Was that a strange sensation, last Wednesday: four men who talked about their constellation on national radio. « I’m a ram, » said presenter Carl-Johhan de Zwart. « I a bull, » called his guest David Cocheret. Bad news: such stubborn signs are never to be convinced, so not of the value of astrology.

The other two men in the broadcast: reporter Thomas Schuurman and astronomer Rob van Gent. Indeed: no astrologer speaks in a radio item about astrology, but only a stemperist who says that he does not believe ‘scientifically’ in horoscopes. Nice and fascinating. Tell me in which house Mercury stands with you, Rob, then we will continue to talk.

Astrology seems to be especially popular among young, highly educated women. A friend of mine told me recently told me that she is no longer talking about it in conversations, because most people – especially men – respond so horribly predictably, just like the above. A friend of hers gets irritated as soon as she claims something about his constellation. « He is a virgin. Virgins rarely believe in astrology, so that’s right. »

It drives men to madness: may the ladies finally take a seat in the lecture halls, not even behind a curtain anymore, they still choose to believe in something as unscientific as astrology. Why right?

According to Rob van Gent, astrology offers guidance, as religion used to do. If the Lord does not decide whether you will soon meet a nice person, then Venus should do it. Another explanation that is regularly given is that astrology is a useful framework to be able to talk about life, psychology and, last but not least, yourself.

I am now thinking of the 64 -page horoscope that my parents had ordered shortly after my birth. Very interesting matter indeed, if you ask me.

And yet, listening to that cynical commentary on the radio, I suddenly knew for sure that women simply turn to astrology to hunt men on the closet.
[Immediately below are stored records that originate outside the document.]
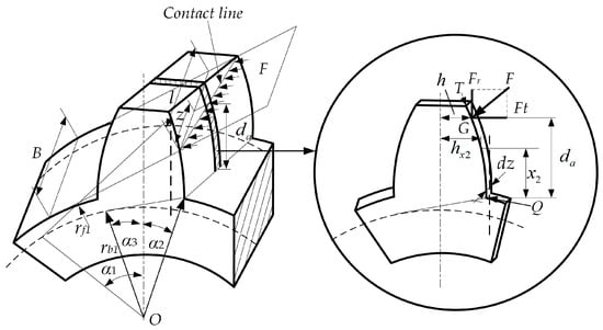 In the previous energy method, the energy caused by contact deformation, bending deflection, shear deflection, and radial compression deflection was included. Radial compression deflection refers to the compression deformation caused by the radial force. The cantilever beam started from the base circle in the literature [], but the cantilever started at the gear root in the literature []. Two cases appear where the radius of the root circle is larger than the radius of the base circle, and the radius of the root circle is smaller than the radius of the base circle. Considering these two cases, the cantilever starts at the tooth root in this paper.
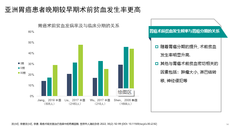 胃癌患者接受化疗的周期越多、分期越晚,CIA的发生率和严重性就越大。一项研究显示,随着化疗周期的开展,中/重度贫血发生率快速升高,到第6周期时,中重度贫血发生率可达70%以上[4]。多项亚洲临床研究先后证实,胃癌患者分期越晚,术前贫血发生率越高,且肿瘤大小、淋巴结转移等都与术前贫血有密不可分的关系[7]。
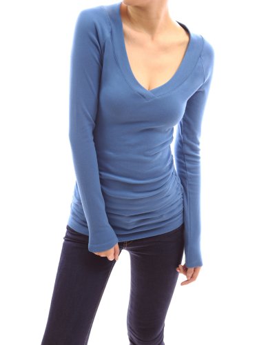PattyBoutik Cotton Blend Raglan V Neck Long Sleeve Ruched Sides Stretch Casual Top (Blue 8/10)
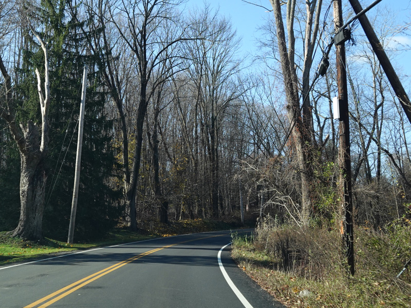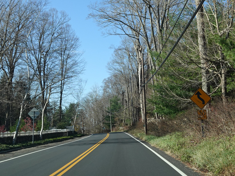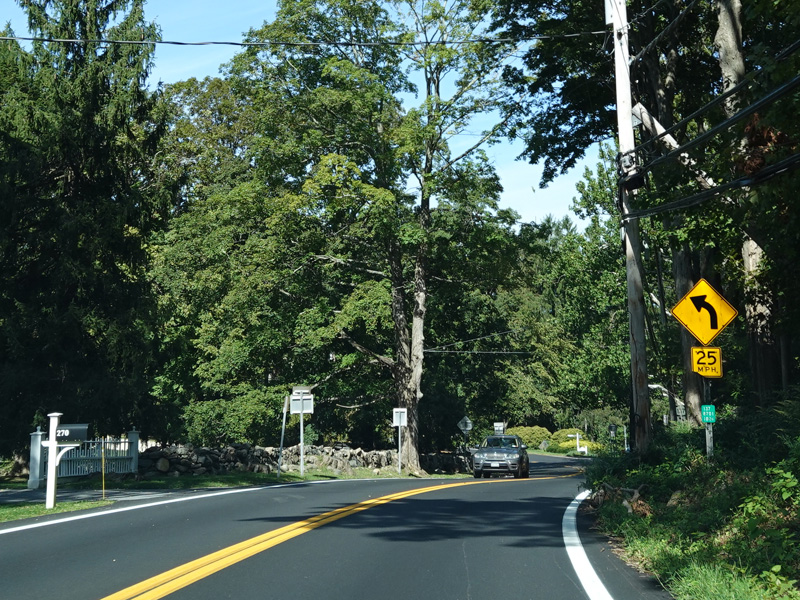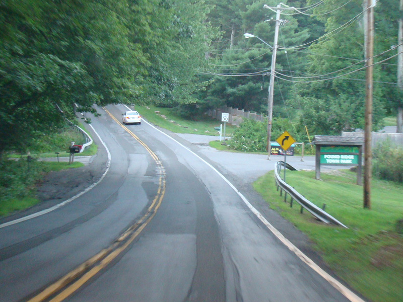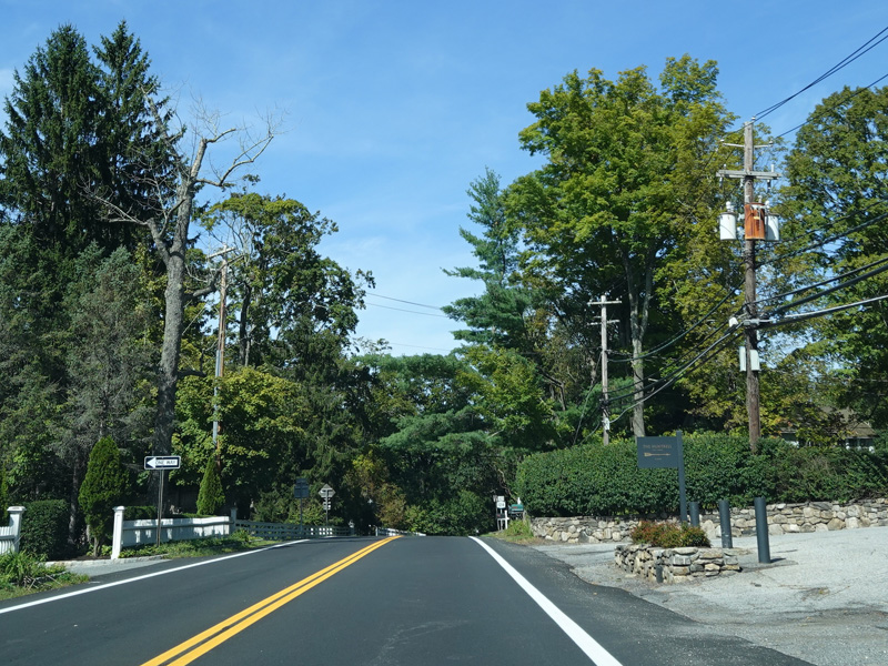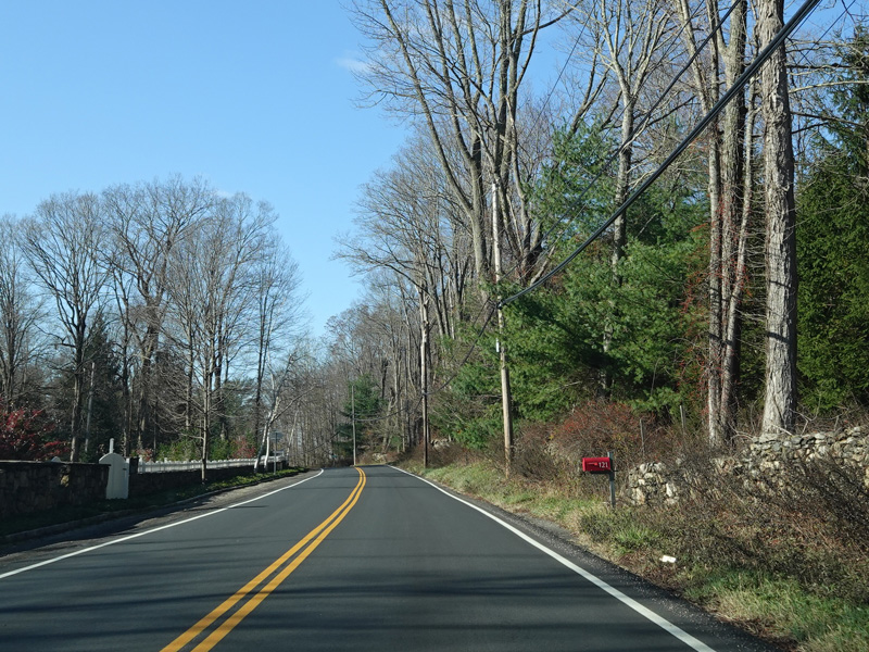 Welcome to Pound Ridge! Westchester Avenue runs north as a two-lane undivided road.
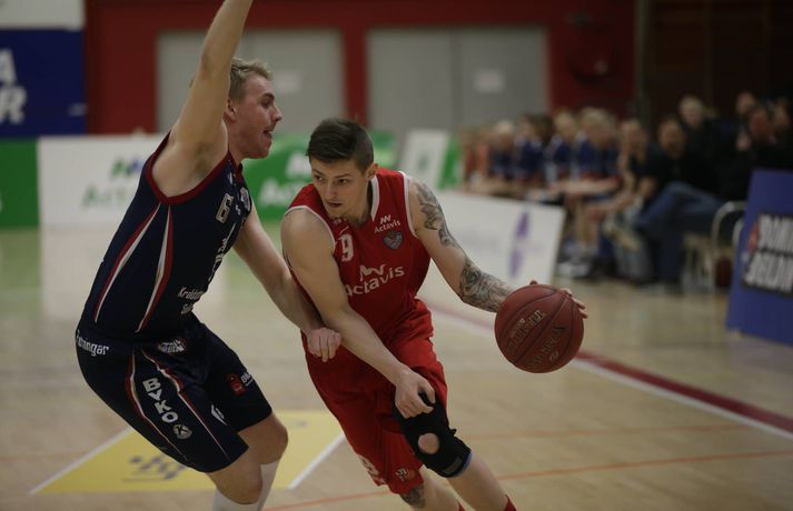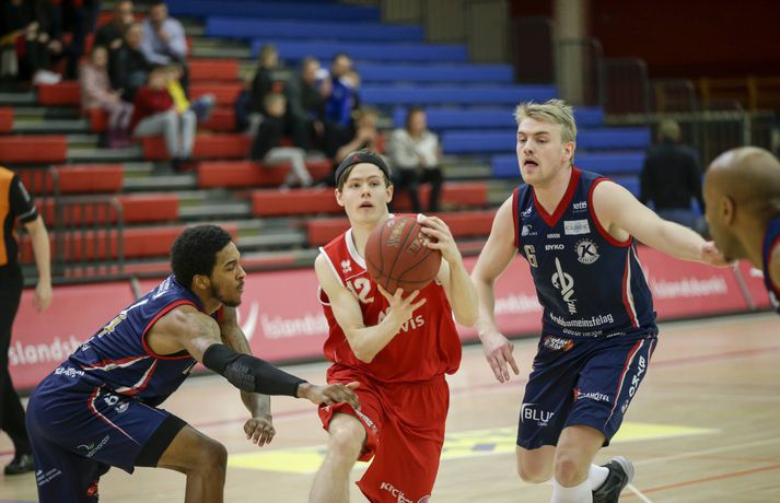 Haukar eru enn á lífi í úrslitakeppni Domino's deildar karla í körfubolta eftir 12 stiga sigur, 100-88, á Keflavík í þriðja leik liðanna í átta-liða úrslitunum á Ásvöllum í kvöld. Sigur heimamanna var sanngjarn en þeir voru sterkari aðilinn nær allan leikinn, ef frá eru taldar lokamínútur fyrri hálfleiks og upphafsmínútur þess seinni. Haukarnir voru örlítið hikandi í byrjun leiks og Keflvíkingar komust í 3-8 eftir þriggja mínútna leik. En þá fór Haukasóknin í gang svo um munaði. Boltinn gekk vel hjá heimamönnum sem voru duglegir að finna Alex Francis sem skoraði 10 stig í 1. leikhluta. Haukur Óskarsson, sem átti erfitt uppdráttar í fyrstu tveimur leikjunum, fann sig einnig vel og skoraði 10 stig í fyrri hálfleik. Haukar leiddu með 10 stigum, 30-20, að loknum 1. leikhluta og voru með myndarlega forystu bróðurpartinn af 2. leikhluta. Keflvíkingar voru samt alltaf inn í leiknum, þökk sé sóknarfráköstum (níu í fyrri hálfleik) og flottu framlagi frá gömlu mönnunum, Damon Johnson og Gunnari Einarssyni, sem skoruðu 12 og níu stig í fyrri hálfleik. Þegar tvær og hálf mínútur voru eftir af 2. leikhluta voru Haukar 12 stigum yfir, 47-35. Þeir gerðust hins vegar kærulausir í vörninni, brutu klaufalega af sér og sendu leikmenn Keflavíkur ítrekað á vítalínuna. Gestirnir skoruðu 10 síðustu stig fyrri hálfleik, þar af komu sex af vítalínunni. Francis var stigahæstur Hauka í hálfleik með 12 stig en hann hafði hægt um sig í 2. leikhluta þar sem hann skoraði aðeins tvö stig. Haukur kom næstur með 10 stig. Damon og Gunnar voru atkvæðamestir hjá gestunum, auk þess sem Davon Usher fór í gang undir lok hálfleiksins. Keflvíkingar byrjuðu seinni hálfleikinn eins og þeir enduðu þann fyrri. Damon var áfram öflugur inni í teignum og svo fóru þriggja stiga skotin að detta. Arnar Freyr Jónsson kom gestunum yfir, 51-54, með einu slíku, í fyrsta sinn frá því snemma í 1. leikhluta. Haukar svöruðu þessu áhlaupi ágætlega, komust snemma í skotrétt í 3. leikhluta og breyttu stöðunni úr 54-57 í 67-59. Sóknarleikur Keflvíkinga fór versnandi eftir því sem leið á seinni hálfleikinn og Haukarnir náðu aftur góðu forskoti. Um miðjan 4. leikhluta var munurinn 12 stig, 84-72, og það bil náðu gestirnir frá Keflavík ekki að brúa. Keflvíkingar áttu einfaldlega ekki nógu mörg svör við varnarleik Hauka og þá var vörn gestanna of holótt í kvöld gegn góðu liði Hafnfirðinga. Lokatölur 100-88, en liðin mætast í fjórða sinn í Keflavík á mánudaginn kemur. Haukur var stigahæstur í liði Hauka með 23 stig, auk þess sem hann tók sjö fráköst. Francis skilaði einnig flottum tölum; 22 stigum, 13 fráköstum, sex stoðsendingum og þremur stolnum boltum. Bakverðirnir Emil Barja og Kári Jónsson voru einnig öflugir. Emil var með 16 stig og 10 stoðsendingar og Kári skilaði 15 stigum og átta stoðsendingum. Þá átti Helgi Björn Einarsson fína innkomu af bekknum og skilaði átta stigum. Usher var atkvæðamestur í liði Keflavíkur með 19 stig og átta fráköst en hann hefur oft leikið betur. Damon skoraði 18 stig og tók sjö fráköst og Gunnar skilaði 11 stigum, en níu þeirra komu í fyrri hálfleik.[Bein lýsing]Leik lokið | 100-88 | Þar með það komið á hreint. Liðin mætast í fjórða sinn á mánudaginn suður með sjó.40. mín | 97-85 | Þetta er komið í hús hjá Haukum. Við fáum leik númer fjögur á mánudaginn.39. mín | 90-80 | Helgi brýtur á Usher í þriggja stiga skoti. Hann setur öll vítin niður. Helgi hefur lokið leik og fær gott klapp frá stuðningsmönnum Hauka.38. mín | 88-77 | Valur Orri, sem hefur verið í felum mestallan leikinn, setur niður þrist og gefur Keflvíkingum von. Francis slekkur í vonarglæðunni með körfu hinum megin. Hann er þrátt fyrir allt kominn með 20 stig, 13 fráköst og sex stoðsendingar.36. mín | 84-72 | Haukur heldur áfram að skora. Kominn með 20 stig. Munurinn er 12 stig. Sigurður tekur leikhlé. Ef fram heldur sem horfir fáum við leik fjögur í Keflavík.34. mín | 80-70 | Francis einhendir boltanum ofan í. Tíu stiga munur. Sóknarleikur gestanna er ekki merkilegur þessa stundina.32. mín | 78-67 | Haukur smellir einum þristi niður. Sá er búinn að spila vel. Helgi bætir tveimur stigum við og fær víti að auki sem hann setur niður.Þriðja leikhluta lokið | 70-65 | Keflavík var sterkari framan af leikhlutanum en Haukarnir áttu flottan kafla um miðbik hans og náðu 13-2 kafla. Þeir verða hins vegar að fá meira framlag frá Francis sem er aðeins kominn með fimm stig síðan í 1. leikhluta.30. mín | 69-63 | Davíð Páll með svakalegan snúning og skilar boltanum ofan í. Hann er búinn að vera flottur í þessu einvígi, gamli Haukamaðurinn.29. mín | 69-61 | Helgi Björn með fjögur stig í röð. Alvöru kraftakall þar á ferðinni. 27. mín | 63-59 | Francis brennir af tveimur vítaskotum. Haukarnir eru komnir í skotrétt en það gagnast lítið ef þeir nýta ekki vítin. Það segir sig sjálft.26. mín | 61-57 | Haukur með fjögur stig í röð. Heimamenn komnir yfir á ný. Emil eykur muninn í fjögur stig með þristi.24. mín | 54-57 | Keflavík er komið yfir í fyrsta sinn frá því snemma í 1. leikhluta. Ívar tekur leikhlé. Gestirnir hafa sett niður tvo þrista á skömmum tíma.22. mín | 51-51 | Damon jafnar metin! Hvernig svara Haukarnir þessu?Seinni hálfleikur hafinn | 50-45 | Kristinn Marinós opnar seinni hálfleikinn með þristi. Fimm stiga munur.Fyrri hálfleik lokið | 47-45 | Usher leggur boltann ofan í og minnkar muninn í tvö stig. Frábær sprettur hjá gestunum sem hafa skorað 10 stig í röð. Francis er stigahæstur hjá heimamönnum með 12 stig en Haukur kemur næstur með 10 stig. Gömlu mennirnir hafa verið drjúgir hjá Keflavík; Damon er með 12 stig og Gu
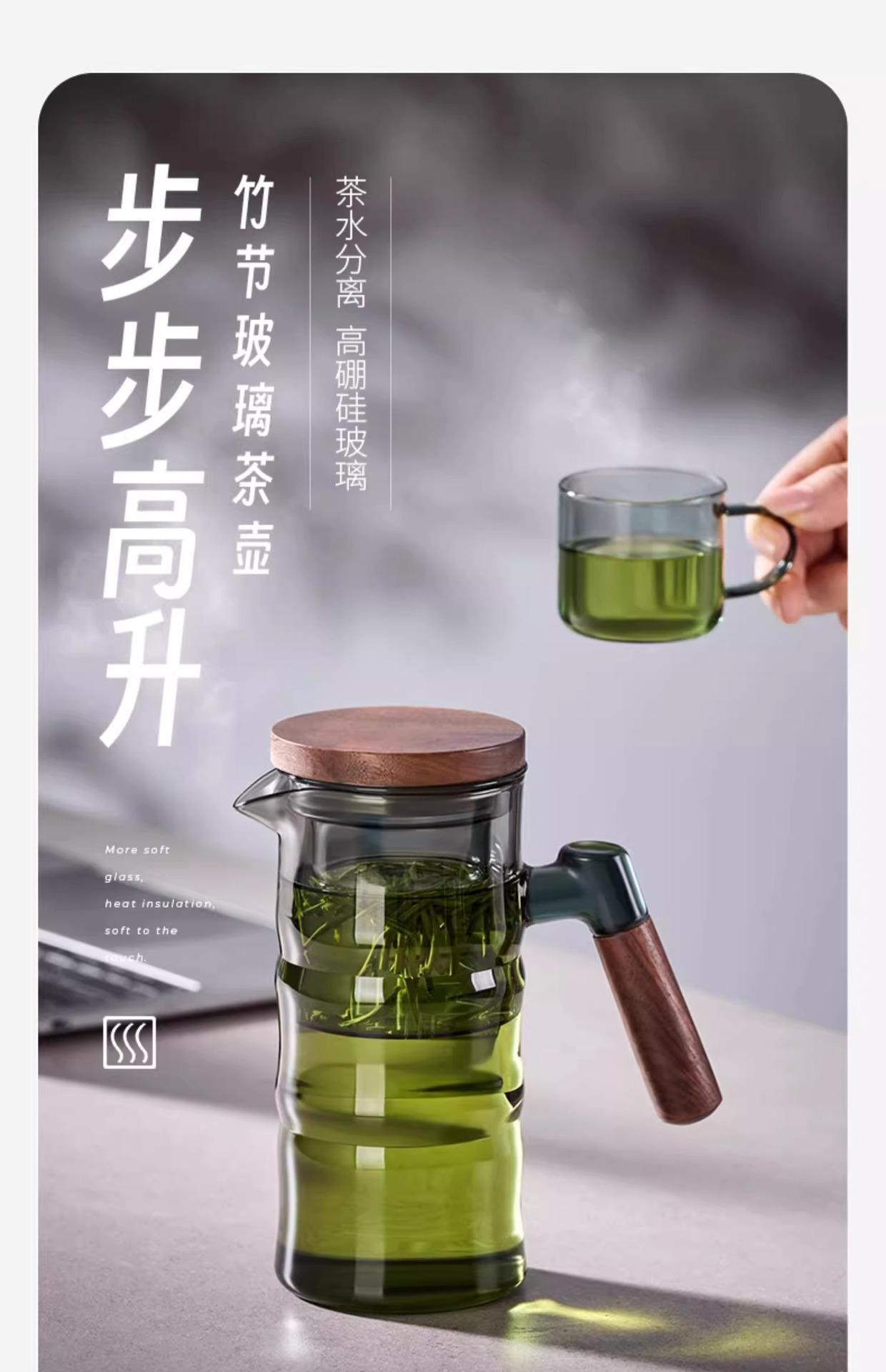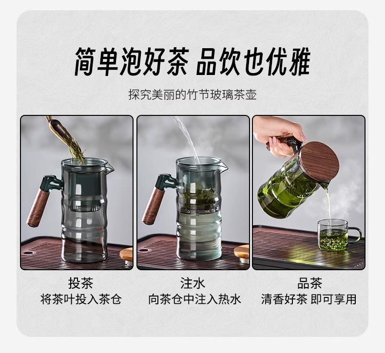 Compra Tetera de Gran Capacidad para Preparar Té Doméstica de Alta Gama Tetera de Bambú Separación de Agua y Té Tetera de Vidrio de Borosilicato Alto Taza de Té al por mayor en Joom.pro

I mean the kind of man who has clamped himself to the ratio and no longer grants someone else. « Horoscopes are not real, » he says, and leans back with satisfaction. He might as well claim that God is not real, that would be just as dull, but it is of course easier to do more contemptuously about something that almost only women value. Not necessarily smarter, if he wants a second date.

In the fifth season of the NTR program Dream School the students get lessons from a professor of theoretical astrophysics. The first thing he does: claim that horoscopes are ‘fairy tales from the primal time’. The Babylonians turn around in their grave. And as fast as the interest of the students was aroused, it has disappeared again as quickly.

« I am a scorpion, » says school leaver Nina in front of the camera. Her eyelash extensions blink wild. « So I thought I was just tough, and cool. I am too, but yes, that guy says not. » She gets support from fellow student Kimberly – also a scorpion.

The pleasure you can have from something irrational does not get smaller if others try to take it. On the contrary, you feel like going in with stretched leg. Does anyone roar again that horoscopes are fables? Then there will undoubtedly be something to be wrong with Mars. Anyway, the planets should never be an excuse for such boring claims. That’s how I see it now, but I’m in the middle of my return from Saturn, so ask me again later.

Tessa Sparreboom is Neerlandicus and former editor of Propria Cures.